KOCH: Yes, we very much anticipate that our health information exchange will link up with others throughout the state and, of course, here in New York City....
So of course we're going to need to link up with other health information exchanges throughout the state and even in other states because patients come to New York City for business and for care. In order to really improve the care of these patients, you need to get data from lots of different places. So it's not even just security issues that you need to address when you think about all of those interactions. It's the identification of the patients from different hubs and the identification of the users to make sure that the users here have proper access to not just the data that was originally from BHIX but from these other information organizations and exchanges as well.
So we're very actively participating in statewide work to start discussing those issues with our colleagues. But that's definitely a work in progress and something that's requiring a lot of effort for everyone to work on together.
ANDERSON: Finally, what advice on privacy and security issues would you give to other HIEs that are just in the formative stages based on your experience so far?
KOCH: It's absolutely central to everything that the health information exchange does to be able to think of the privacy and security domain as they relate to every new function and technical feature that is deployed. To think of it as an afterthought is a real mistake.
One of the strengths of BHIX actually was that in every bit of technical build we wove in not only the privacy and security kind of perspective but also the clinical perspective to make sure that they were all aligned at the same time so that the technical folks don't build in a bubble. That's going to be essential for anyone going forward.

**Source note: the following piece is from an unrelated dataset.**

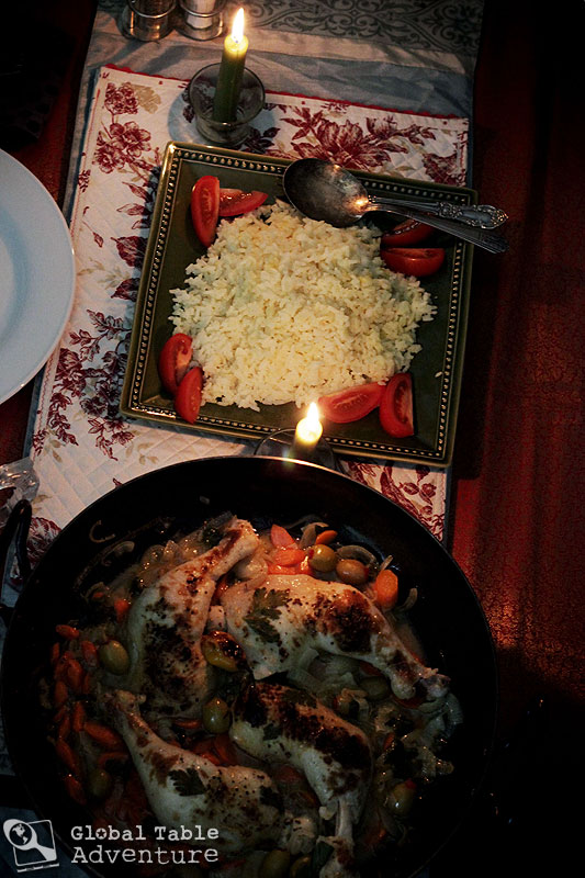 Keep simmering until the chicken starts to pull away from the bones for the most tender dish. Right before serving, sprinkle with parsley. Spoon each serving over a mound of rice, including a healthy dose of onion, broth, and salty nuggets of olive and sweet carrot.

As we think of the National Health Information Network that's really developing across the country, we really need to make sure that the privacy and security issues that get resolved in each region, in each state, harmonize with one another so that we actually can effectuate the kind of exchange that we need to do across the country. Because the worst thing that would happen would be that there would be bubbles and silos of places where you could exchange data but not really take it to the next level, which will really bring the most value.
ANDERSON: Thanks, Irene. We've been talking today with Irene Koch of the Brooklyn Health Information Exchange. This is Howard Anderson. Thanks so much for listening.